The FDA is under fire from another senior democrat who has denounced its links with drugs corporations through the House of Representatives [16]. Not only that, some of the FDA’s own scientists have reported that they are under enormous pressure to alter findings in scientific documents [17, 18]. (See FDA Under Fire for Corporate Links that Compromise Science, SIS31)
The FDA is also implicated in a controversial story involving drugs giant Bayer Corporation, brought to light by the New York Times [19]. It is alleged that Factor VIII, a drug for treating mostly child haemophiliac patients was contaminated with the HIV virus during the 1980s. When American haemophiliacs contracted HIV after using the injected, blood-clotting drug made from unheated blood concentrates, the FDA recommended that Bayer dump their surplus on Japan, Malaysia, Singapore, Indonesia and Argentina. That way the company could still reap profits from sales, despite it being pulled from the US market.
In Hong Kong and Taiwan alone it is estimated that over one hundred haemophiliac patients, including a two-year old child, contracted HIV after using the tainted medicine.

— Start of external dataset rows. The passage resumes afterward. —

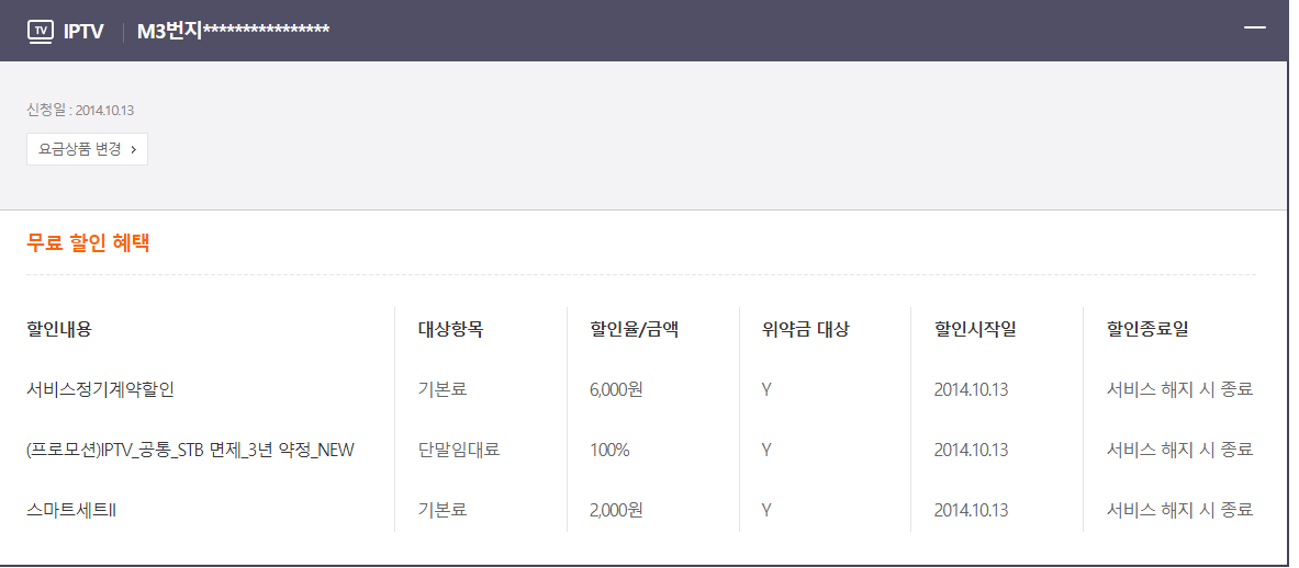 제 결합상품 현황은 아래와 같습니다
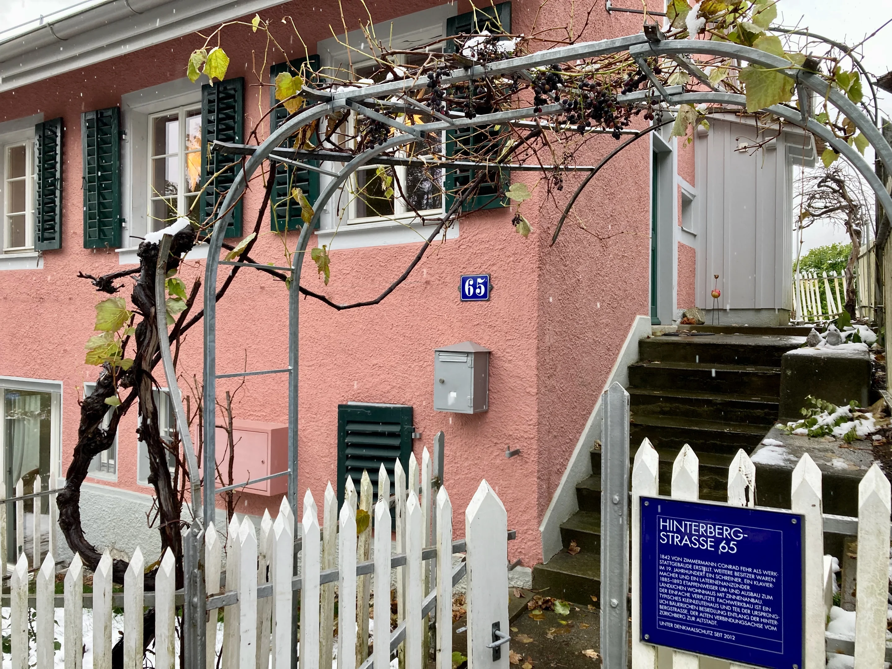 Auf ihr bin ich über Mittag oft auf und ab gewandert und habe dabei an archäologische Schichtfolgen gedacht: Unterhalb der Schrebergärten stehen die neuen Villen, weiter gegen die Stadt sind es die älteren Bürgerhäuser und schliesslich zuunterst an der Limmat die Häuser der Altstadt. Nur dass die Schichten im Laufe der Zeit etwas durcheinandergeraten sind, denn am Hang des Zürichbergs standen schon im 19. Jahrhundert einzelne Gebäude. Einige davon haben wie erratische Blöcke überlebt, als in den 1920er Jahren die Villen der reichen Zürcher wie eine steinerne Brandung gegen den bisher ländlichen Susenberg heranzurollen begannen. Ein Beispiel für Letzteren ist die Nummer 65 – heute unter Denkmalschutz –, wo 1842 der Zimmermann Conrad Fehr seine Werkstatt eingerichtet haben soll.
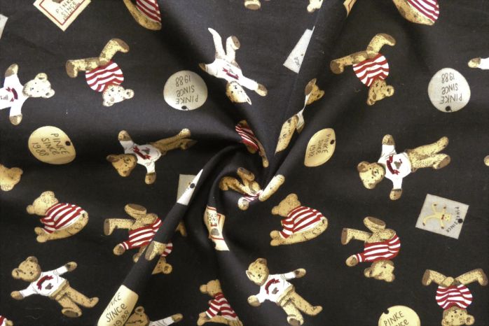 A Quality Ex-Designer 100% Cotton Poplin Teddy Print On A Black Background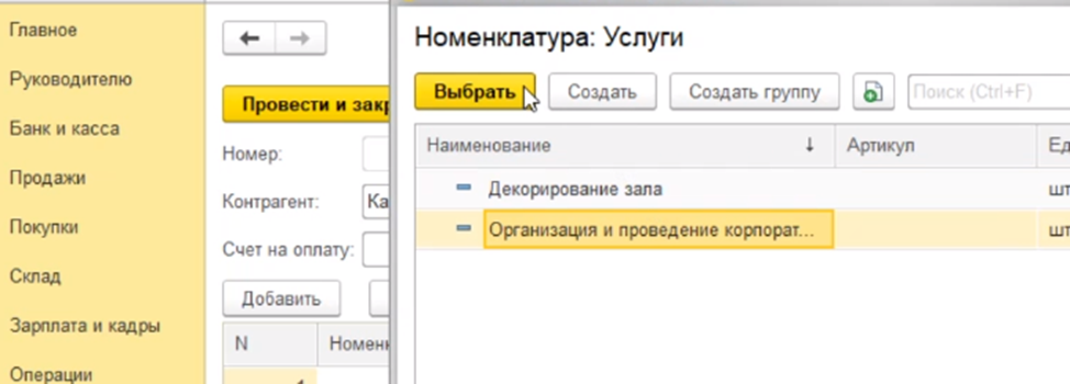 Видим, что представлены программы на выбор. Номенклатура услуг, которые мы оказываем нашим покупателям. Например, выбираем организация и проведение корпоративного мероприятия. Нажимаем кнопку выбрать.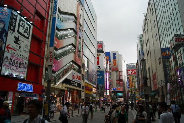 Akihabara nos sorprendió más por los colores, la actividad, los locales y los dibujos que por la tecnología en sí. Lo digo porque aunque vimos mucha no nos pareció ningún chollo asi que ninguno picamos. Lo que si nos encantó fue perdernos dentro de galerías llenas de comercios vendiendo todo lo que se puede vender en tecnología. Hay tanto que ver, tanto en que fijarse que me extraña que no acabara con un terrible dolor de cuello de tanto girar la cabeza.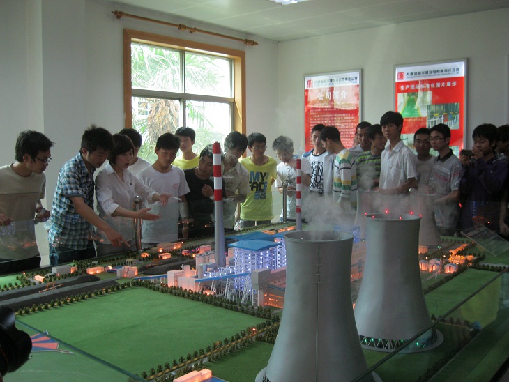 该集团本届开放日活动以“精彩电力,文化大唐”为主题,公司参加本次生产见习的员工共100人次,覆盖了公司11级电子类的专业和班级,公司参观团受到了大唐集团的亲切接待。同学们在解说员的带领下,观看了大唐公司的企业宣传板,了解了大唐公司的企业背景、企业文化和所获荣誉。随后同学们在企业统一配发安全帽后进入发电厂区分别对该集团的汽机房、锅炉房、集控中心、冷却塔等厂区进行了实体参观。两位解说员就该集团的企业文化、技术特点、岗位需求、核心竞争力等几点给大家做了专门介绍。在参观过程中,解说员与同学们积极互动,同学们不时发问,问题主要集中在企业在电力发展过程中需要哪方面的技术人才、最看重人才哪个方面及企业在技术岗位的发展路线等方面,解说员对同学们的提问进行了耐心的解答。近两个小时的生产见习在同学们的欢声笑语中缓缓落下帷幕。

New stocks of the drug were made using heat-treated blood concentrates (which kills the virus) for the American market while the remainder of the old stock went off to France and Spain. Two French officials were later imprisoned for approving the use of the contaminated, unheated Factor VIII. The FDA was neither subject to investigation no r indictment and wanted the problem “quietly solved without alerting Congress, the medical community and the public.” Bayer maintains that it behaved responsibly and ethically.
By 2010 it is estimated that some two million people in India will be taking part in clinical trials [20]. Most of the world largest pharmaceutical companies have established a presence in India, where they are increasingly recruiting patients and outsourcing trials.
The BBC recently screened a documentary (27 April 2006) called Drug Trials: The Dark Side that showed the woeful lack of informed consent by Indian patients, many of whom were taken off their existing medication to take part in drug trials commissioned by US companies. The patients were under the impression that their usual drug was no longer available and the new drug was merely a continuation of their treatment.
Typically, the patients interviewed by the BBC reporter Paul Kenyon were in awe of their d octors, and because of ill health and poverty, were willing to agree to anything they were asked to do. Most consent forms were written in English, which many patients could not read, let alone understand, and some were able to give only a thumbprint as their acquiescence to the clinical trial. One patient who agreed to take part in the placebo part of the trial did so because he believed that if his doctor was administering the pill, then it must somehow do him good.
None of the patients received any money for their involvement, and when the trials finish, there is no guarantee that their treatment will continue, nor that the drug will be available to the wider population as a whole.
There are serious breaches of ethics and protocol in clinical trials, especially those conducted in Third World countries, though by no means restricted to those countries, as the recent London drug trial catastrophe so clearly demonstrates [21] (Clinical trial on trial series, Science in Society 30). There is a need for global regulation in clinical research, so that drugs and trials not approved in one country may not be tested or used in another.
We hope that the WHO Registry of Clinical Trials (SiS30) [22] will ensure that all clinical trials are at the very least registered with the World Health Organisation, and that a minimal set of data about the trial is readily available, should questions of safety and emergency care of trial subjects arise.